The Rev. Lukata Mjumbe, a representative for Congresswoman Bonnie Watson Coleman of the 12th Congressional District, said the ISCJ is a special place for him because he would visit the mosque when he was studying at the Princeton Theological Seminary. Even though he is a believer of the Christian faith, he would stop on Fridays to study and pray. He said he learned a lot from Chebli.
“We are one people with one destiny,” he said.
State Sen. Andrew Zwicker, who is a South Brunswick resident, said he began April 1 at the Shimon and Sara Birnbaum Jewish Community Center in Bridgewater, handing out medication to Ukrainian refugees. He ended the day at the ISCJ, enhancing the sense of community.
“South Brunswick is an amazing place to go to school … and raise a family,” he said.
Zwicker, a former state assemblyman until the 2021 election, was joined by Assemblyman Roy Freiman of the 16th District.

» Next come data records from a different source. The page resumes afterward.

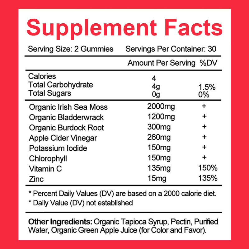 कार्बनिक आयरिश सी मॉस, विटामिन सी, जिंक, कार्बनिक ब्लेडरवार्क, कार्बनिक बर्डॉक रूट, सेब साइडर सिरका, पोटेशियम आयोडाइड, क्लोरोफिल
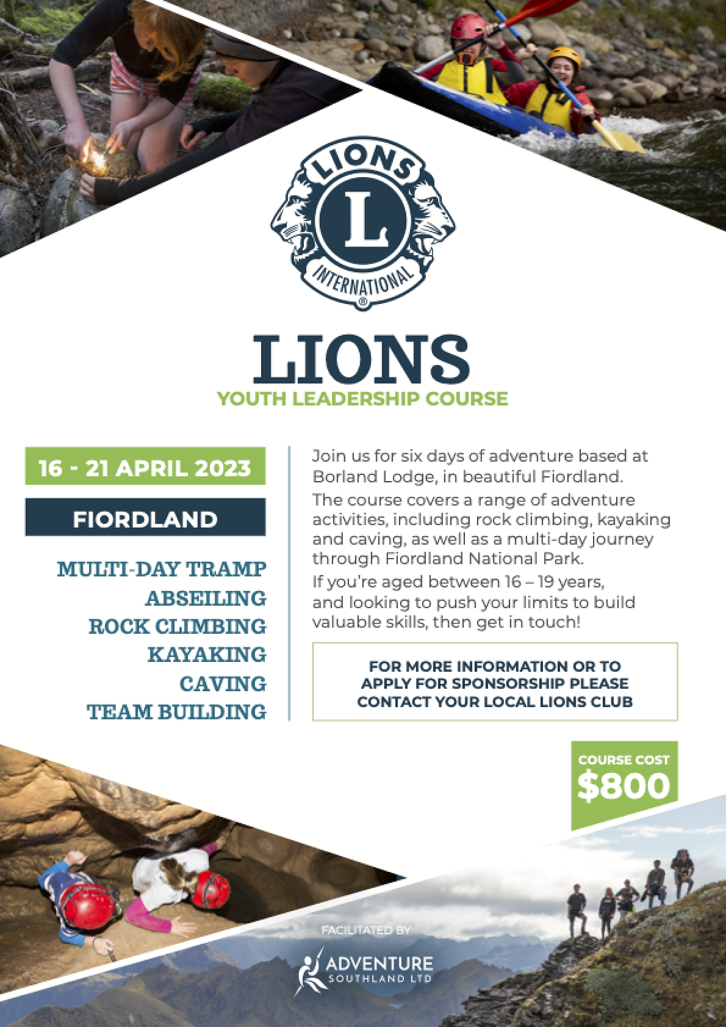 Spaces are available for young people aged 16-19 years to attend the upcoming course, and Lions Clubs throughout the district are prepared to offer generous sponsorship to help make this course more easily achievable.
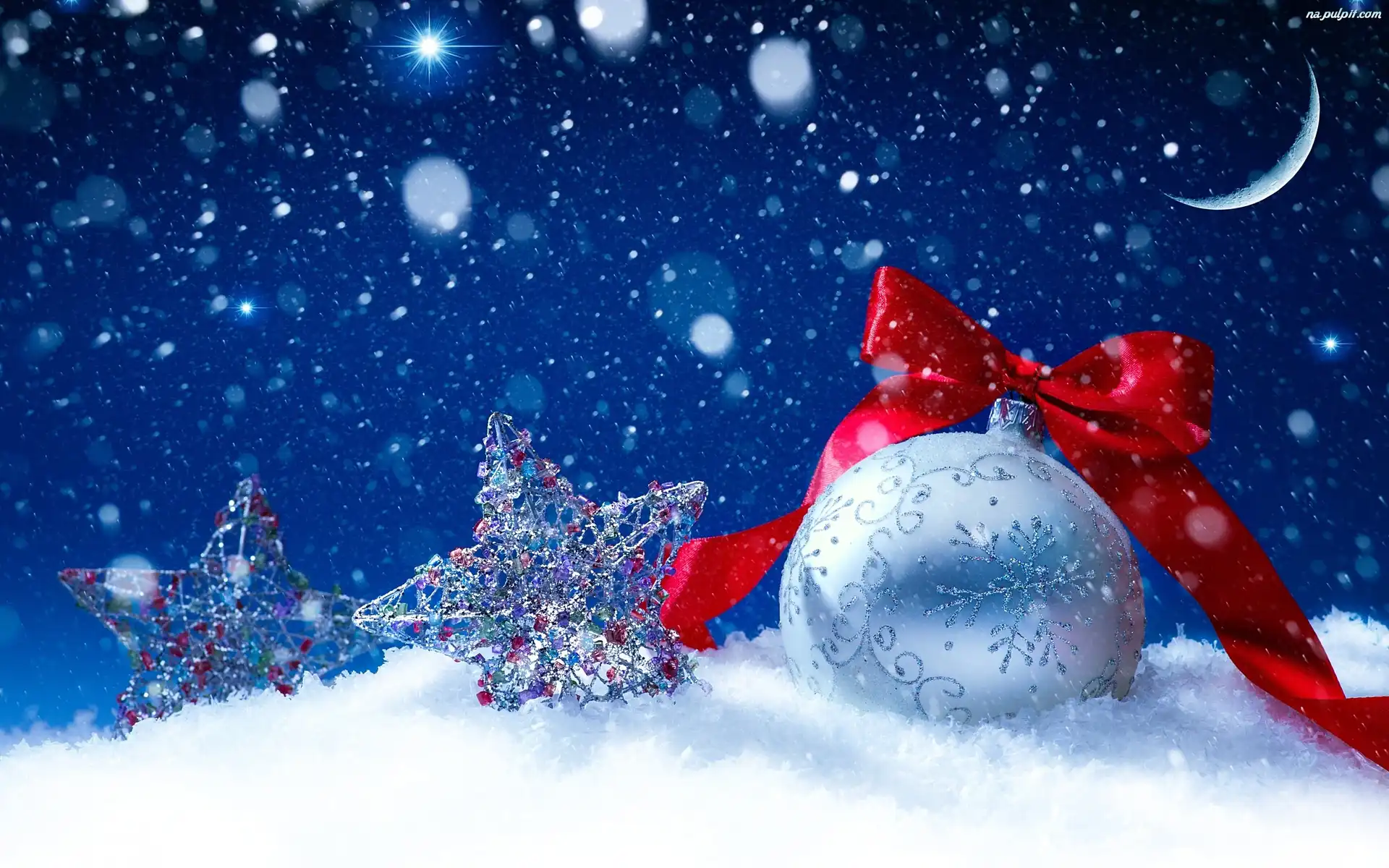 Święta, Noc, Bombka, Śnieg Na Pulpit
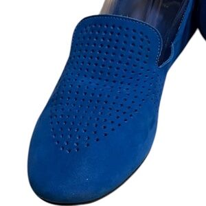 Arche FANHOO loafers, specifically in a blue color. These slip-on shoes are known for their comfort and design, featuring a finely perforated nubuck leather upper for breathability and flexibility. handcrafted in France and incorporate 100% natural latex cushioning for durability, flexibility, and shock absorption. The brand emphasizes a rich color palette beyond traditional black and brown, aligning with current fashion trends
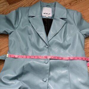 NVLT Vegan Trench Coat Womens L Blue Faux Leather Lined Contemporary
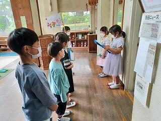 今日は、1・2年生の参観日でした。1年生の保護者の皆さんにとっては、初めてお子さんの授業の様子をご覧いただける機会でした。いかがだったでしょうか。4月から2ヶ月の間に、できるようになったことがたくさんできた子ども達です。国語の授業でしたが、リズムに合わせて小さい「つ」のつく言葉を元気よく読んでいました。2年生は、あるものをペアで、一人が言葉で説明し、もう一人がタブレットで絵に表す学習でした。とても楽しそうでした。どちらの学年も、お家の人が見ているといつも以上に真剣に学習に望む姿が印象的でした。
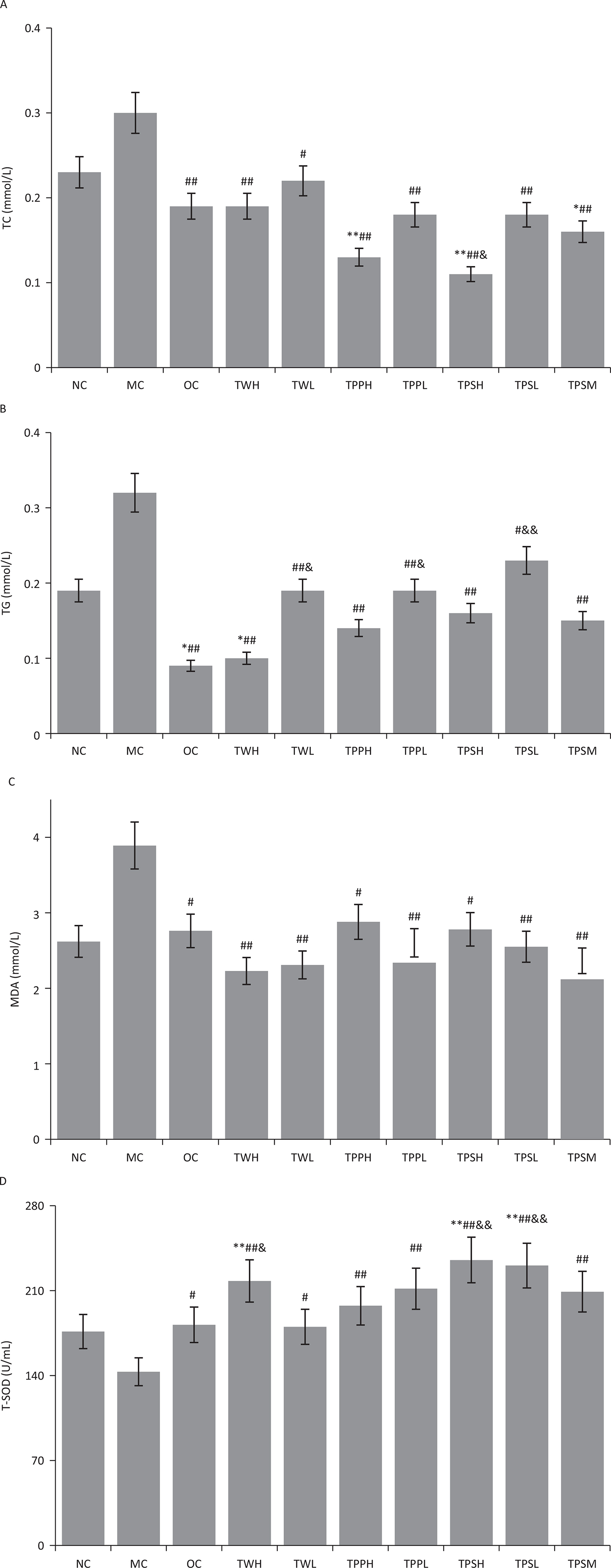 Hepatic lipid and antioxidant profiles are shown in Fig. 1 and Table 2. The triglyceride and cholesterol levels of rats in the MC group increased significantly compared with the NC group. Meanwhile, the serum triglyceride and cholesterol levels lowered significantly in the TWH, TPPH, TPPL, and TPSM groups. Moreover, the serum MDA and T-SOD levels reduced significantly in the TPSM, TWH, and TPPL groups; similar results were also observed in the hepatic MDA and T-SOD levels. However, the serum LDL-C levels in TWL, TPPH, TPPL, TPSH, TPSL, and TPSM groups were significantly lower than that of the MC group. TPSL and TPSM groups also exhibited significantly lower leptin levels than the other groups.

A believer of the Jewish faith, Freiman likened the first night of Ramadan to Fridays being the night of the Jewish sabbath, where Jews study the same scripture around the world. He said the Torah reading for the evening of April 1 was about cleansing impurities, which is aligned with Ramadan being about cleansing yourself, and the Christian season of Lent that is about renewal.
“Ramadan, Shabbat (Sabbath) and the Lenten season, we are all connected, we are all brothers and sisters connected, and all religions teach you to love they neighbor,” he said.
Baig agreed there are more similarities than differences among people of different faiths.
State Assemblywoman Dr. Sadaf Jaffer, a former mayor of Montgomery Township, is one of the first Muslim Americans, and Asian American women, elected to the New Jersey Legislature.
Jaffer joins Freiman in representing the 16th Legislative District in Somerset, Mercer, Middlesex and Hunterdon counties.
Jaffer, who said she teaches Islamic history and literature, read a poems by the poet Rumi.
“It’s about a pause in our lives, not taking things for granted, slowing down, joining the community,” she said, noting that two years of the coronavirus pandemic should have taught people to pause and take stock.
Hira Shaikh, the first Muslim woman chief of staff, who works for Jaffer, was also in attendance.
Middlesex County Commissioner Shanti Narra, who is a resident of North Brunswick, acknowledged the South Indian holiday of Ugadi, which was also beginning that evening.
She called the holiday a “reset” since it is their new year, and said it sets the tone for the entire year ahead.
“It’s important to be here tonight in a world where there so much division and so much misunderstanding,” she said, adding that she attended the Ramadan event prior to celebrating her own holiday because she wanted to show solidarity with people of all religions.
Narra also made mention of a dear friend she had growing up who, as a Muslim, did not experience the same support as children and adults have now. She said the Muslim community has grown and is now welcomed among the 25 municipalities in Middlesex County, better than in the 1970s.
To close the event, Kendall Park First Aid Squad Chief Srini Vallury recognized many members of South Brunswick emergency services.